# attaboy points



## walking dude (Mar 24, 2008)

tried to give craig chamberlin, so points for his excellant chicken thread.......when i clicked on the scales........it just refreshed the page........the box to post a statement on the job well done, would NOT come up...........

just another heads up from you know who


----------



## TulsaJeff (Mar 24, 2008)

Walking Dude,

We are having trouble with the MySQL database and it is acting a little screwy at the moment.

I just clicked on it and the first 3 times it did nothing but on the 4th try it went ahead and opened the reputation box and worked as expected.

I hope they can get this fixed pretty quick!

WD.. I can always count on you for a heads up


----------



## mossymo (Mar 24, 2008)

I would like to nominate WD as Cheif Interenet Slueth cause he is always all over it !!!
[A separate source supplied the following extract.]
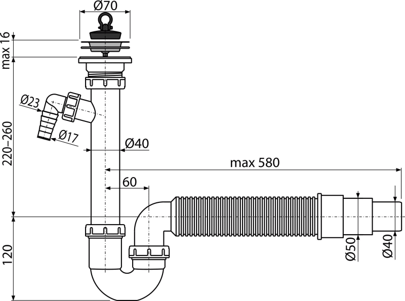 Syfon rurowy do zlewozmywaka z przyłączem i elastyczną rurą, sitko nierdzewne DN70
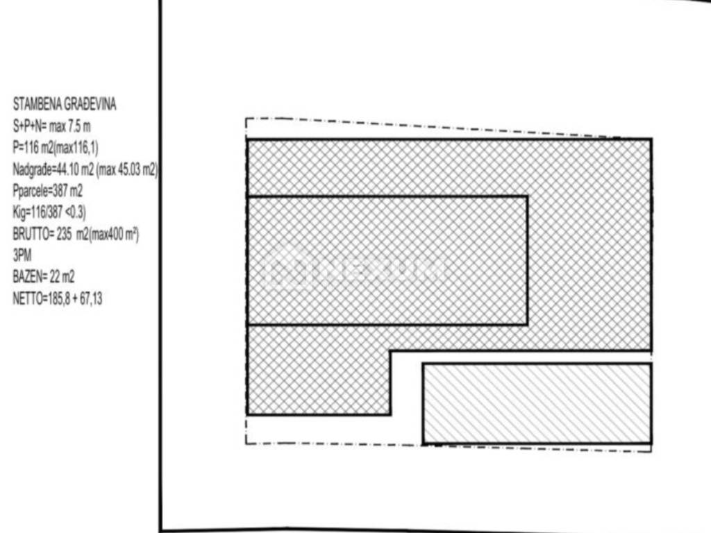 Prodaje se građevinsko zemljište površine 451 m² s izdanim dozvolama i gotovim projektom za izgradnju moderne vile s četiri spavaće sobe.

WD, I would even give you some points right now if I could !!!


----------



## pigcicles (Mar 24, 2008)

Of course you can ... he's holding a two headed coin. Oldest trick in the book


----------



## smokin' joe (Mar 24, 2008)

Nothing gets past WD...he is all over the case!!!
	

	
	
		
		



		
		
	


	









I second the nomination for chief of the information super highway.


----------



## walking dude (Mar 24, 2008)

you have ANY idea how hard these days to FIND a 2-headed coin........whew.........tooks me slaving over the internet, MINUTES to find on.........wow was i worn out...........


----------



## pigcicles (Mar 24, 2008)

Kind of reminds me of George Jetson complaining about his button finger being sore after work one day... he pushed the button 3 times. Keep dredging the net for us Dude.


----------